PRESS RELEASE
Washington, D.C. — December 15, 2025 — Environmental Health Sciences (EHS), a science-based nonprofit organization, submitted a detailed set of questions and supporting evidence to the U.S. Senate Committee on Commerce, Science, and Transportation ahead of its Federal Communications Commission (FCC) oversight hearing, urging Senators to confront what it describes as serious failures in transparency, oversight, and enforcement related to wireless radiation, public health and the environment.
In its submission, EHS not only called on Senators to question how the FCC can continue to fast-track cell towers while failing to comply with the 2021 federal court mandate but also called for full transparency related to its cell phone radiation tests that documented radiation levels exceeding FCC radiation limits when tested in body-contact positions, such as in a pocket.
The filing documents evidence obtained through Freedom of Information Act requests showing that the FCC has withheld cell phone radiation test results from the public, the courts, and policymakers. More recently, Theodora Scarato, Director of the Environmental Health Sciences Wireless and EMF Program, states that her Freedom of Information Act requests reveal the FCC has refused to release the results of its radiation testing of the Apple iPhone 12 and lacks a robust cell phone radiation surveillance program, instead relying on what is tantamount to an honor system.

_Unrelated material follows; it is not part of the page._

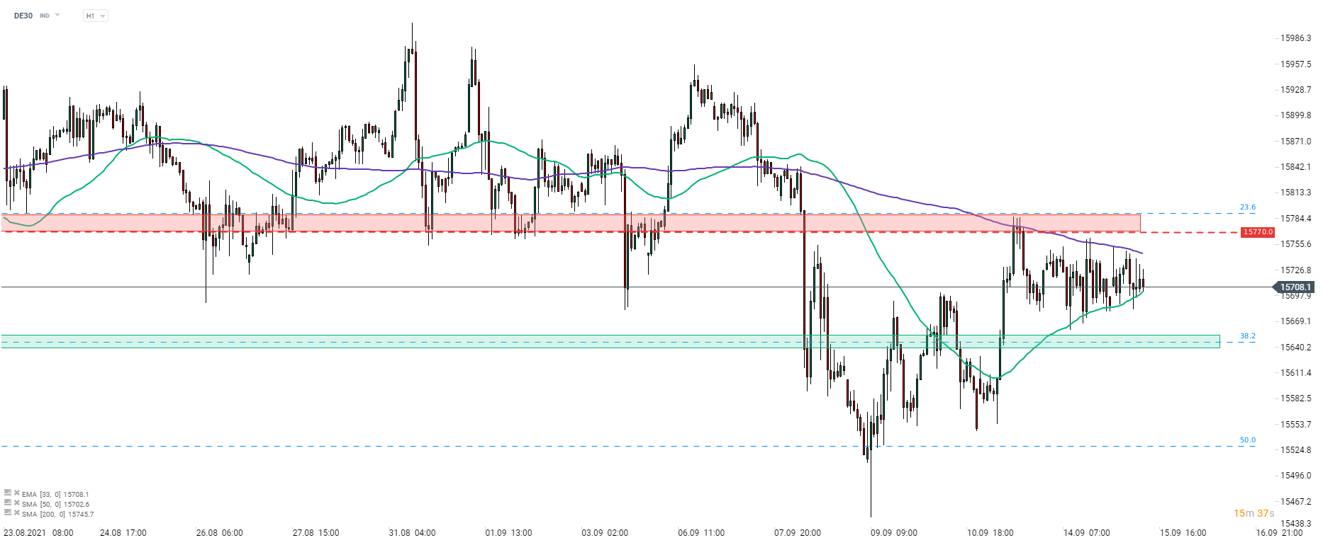 La situazione dell'indice tedesco DE30 non è cambiata molto dalla nostra analisi di ieri. L'indice si è mosso lateralmente tra la zona di supporto contrassegnata con il 38,2% del ritracciamento del movimento al rialzo lanciato a metà luglio e la zona di resistenza contrassegnata con il 23,6% del ritracciamento. Tuttavia, uno sguardo alla media mobile sul grafico H1 ci dà un po' più di chiarezza. L'indice tedesco si è trovato recentemente in un range ristretto, contrassegnato dalla media mobile a 200 ore (linea viola, limite superiore) e dalla media mobile a 50 ore (linea verde, limite inferiore). L'indice sta attualmente testando il limite inferiore del range e se venisse superato potrebbe portare a un test del suddetto ritracciamento (38,2%) (area 15.650 punti).

Scarato further raises that no federal health or environmental agency is actively conducting comprehensive oversight of cell tower radiation exposures, that the FCC lacks a national RF measurement and monitoring program, and that the agency relies largely on industry self-certification rather than independent compliance verification. The submission warns that the public cannot make informed decisions when safety data are hidden, complaints are ignored, and oversight is minimal, and urges the Senate to press the FCC for clear answers and a concrete plan to align U.S. wireless policy with modern science and transparency standards.
Scarato highlights the hundreds of scientists recommending that public exposure is reduced due to mounting scientific evidence of harm.